2.2 KB · updated 2026-05-19 · md

paper.md

examples/demo-corpus/data/research/papers/arxiv-2304-14377/paper.md

Co-SLAM: Joint Coordinate and Sparse Parametric Encodings for Neural Real-Time SLAM

Wang et al. introduce Co-SLAM, a real-time neural RGB-D SLAM system designed around a hybrid scene encoding that combines a multi-resolution hash grid with a coordinate-based one-blob encoding. The hash grid contributes fast convergence and high-frequency detail, while the smooth coordinate encoding encourages surface coherence in regions that the camera has not yet observed — a known weakness of purely parametric grids, which tend to leave unobserved space noisy.

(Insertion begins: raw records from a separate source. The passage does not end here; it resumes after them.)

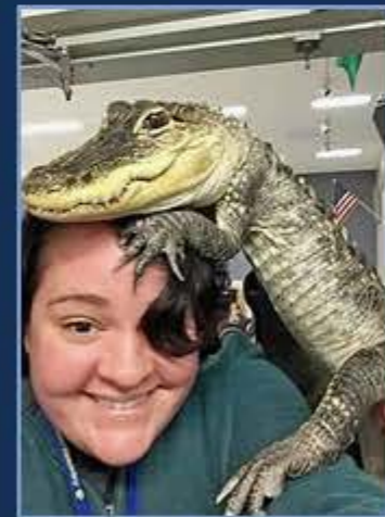
I love that I get to be silly at my job. This is from when the "Reptile Man" came to my school.

After high school I decided to leave California and go away to college in Washington. I got a degree in history and then was accepted into the Teach for America program, where I got my Masters in Teaching and started teaching in Las Vegas. I enjoyed my time in Las Vegas, but the Northwest was my true home. I have been teaching 4th grade here in Washington for the past 8 years. Being a teacher is a huge part of my identity. I care deeply about my school community and investing in the lives of students. I am looking forward to having a child of my own to share my love of learning and to prepare them for their future.
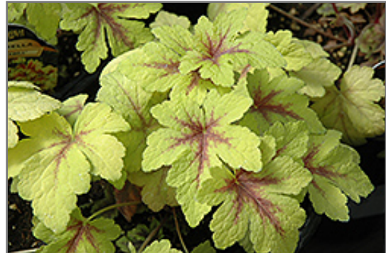
Golden Zebra Foamy Bells foliage

Golden Zebra Foamy Bells is recommended for the following landscape applications;
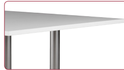
1-1/4" laminate top, M3 commercial grade wood core (45#-48# density)
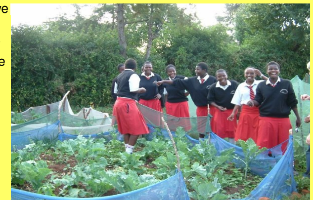
Children in their garden
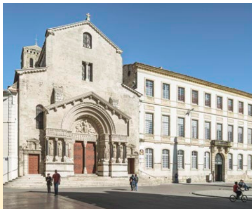
Cathédrale Saint-Trophime, Arles

Return to Aix for a festive group dinner tonight.
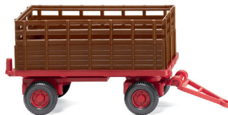
0384 04 Agricultural trailer Reinforcement for the harvest 1964-78
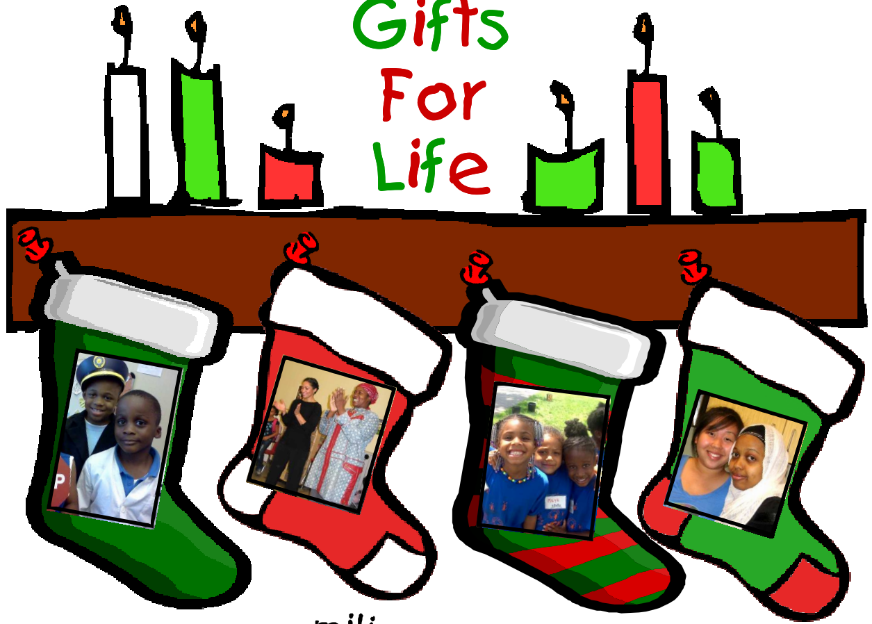
After School Kids
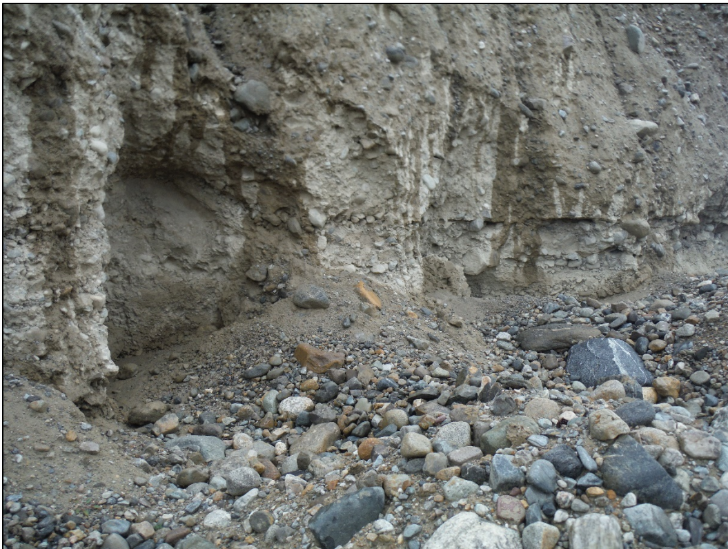
Photo 2. Close up of area of possible hand-diggings; looking east.
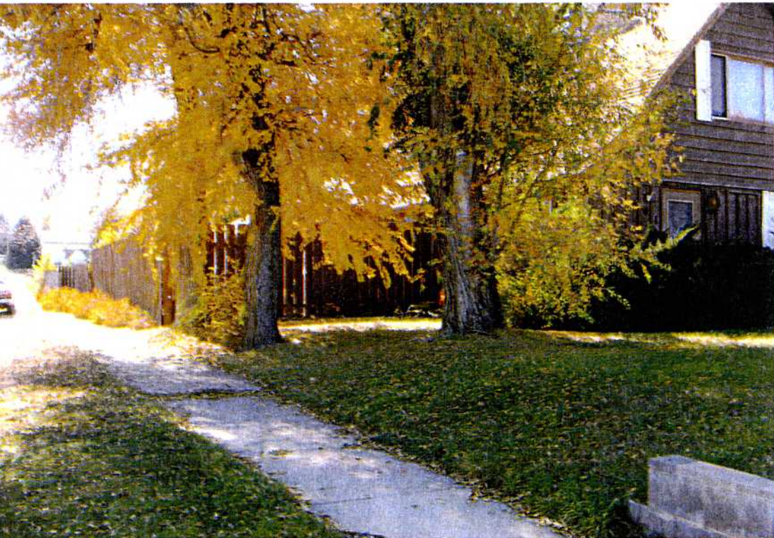
DIRECTLY ACROSS FROM 519 INDIANA ST.
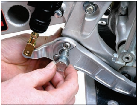
13. Install the brake pedal and hook the bottom end of the brake pedal spring on the pedal.
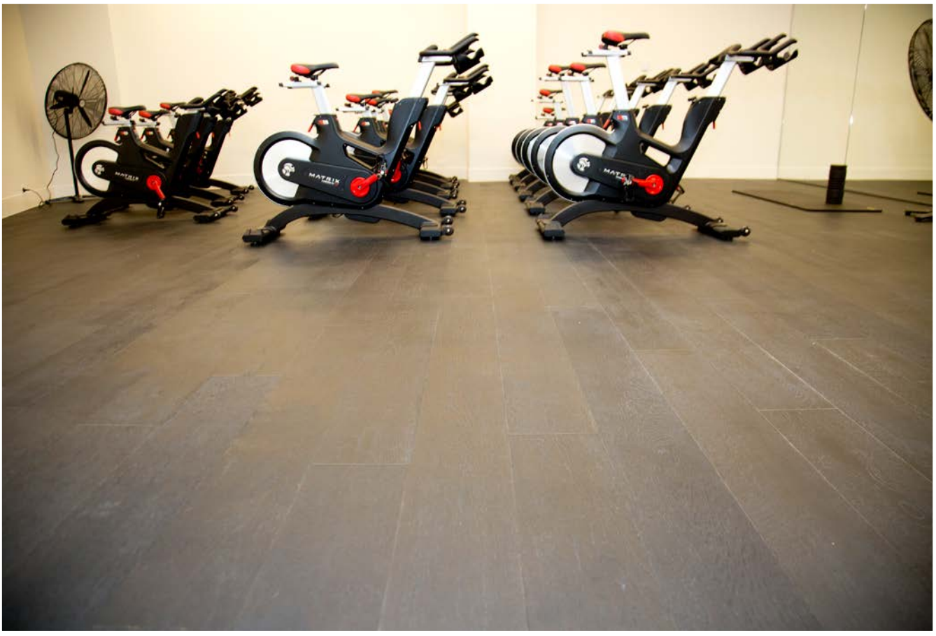
Below Kemellies Timber Flooring supplied 80m 2 of timber flooring to the ground floor gymnasium of the resort.
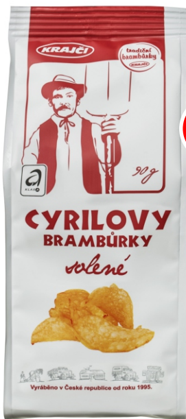
Cyril's potato crisps salted 90 g
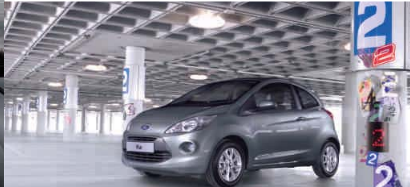
Image above: Model shown is a Ford Ka Style with Strobe metallic paint (option) and Appearance Pack (option).
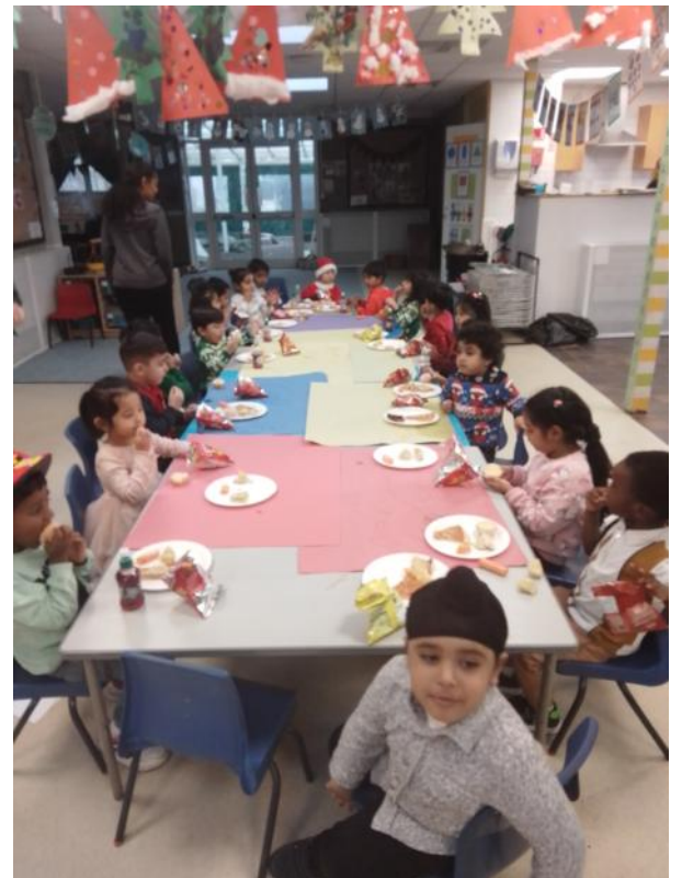
Nursery had a lovely Christmas party! Santa visited them and all the children loved receiving their presents. Thank you Santa!

The hybrid representation feeds a shallow MLP that predicts signed distance and colour for queried 3D points. Camera tracking is performed by inverting this rendering through a photometric and depth loss; the system then folds tracking and mapping into a global BundleAdjustment over all keyframes rather than the small active-keyframe window used in iMAP and NICE-SLAM. A ray sampling strategy tuned to the hybrid representation keeps the bundle adjustment tractable at interactive rates.

On Replica, ScanNet, and TUM-RGBD the system runs at 10–17 Hz and matches or exceeds prior neural SLAM methods in reconstruction quality (PSNR, SSIM, LPIPS) and tracking accuracy. The global BundleAdjustment is shown to be essential in long sequences where local-window optimisation alone allows drift to accumulate, while the smoothness contribution of the one-blob encoding keeps unobserved regions plausible rather than empty. Co-SLAM is part of a wave of neural SLAM systems that culminated in GaussianSplatting-based variants such as GS-SLAM and Gaussian Splatting SLAM, but it remains a strong baseline for hybrid implicit representations and for studying how surface-completion priors interact with high-frequency parametric encodings in incremental reconstruction.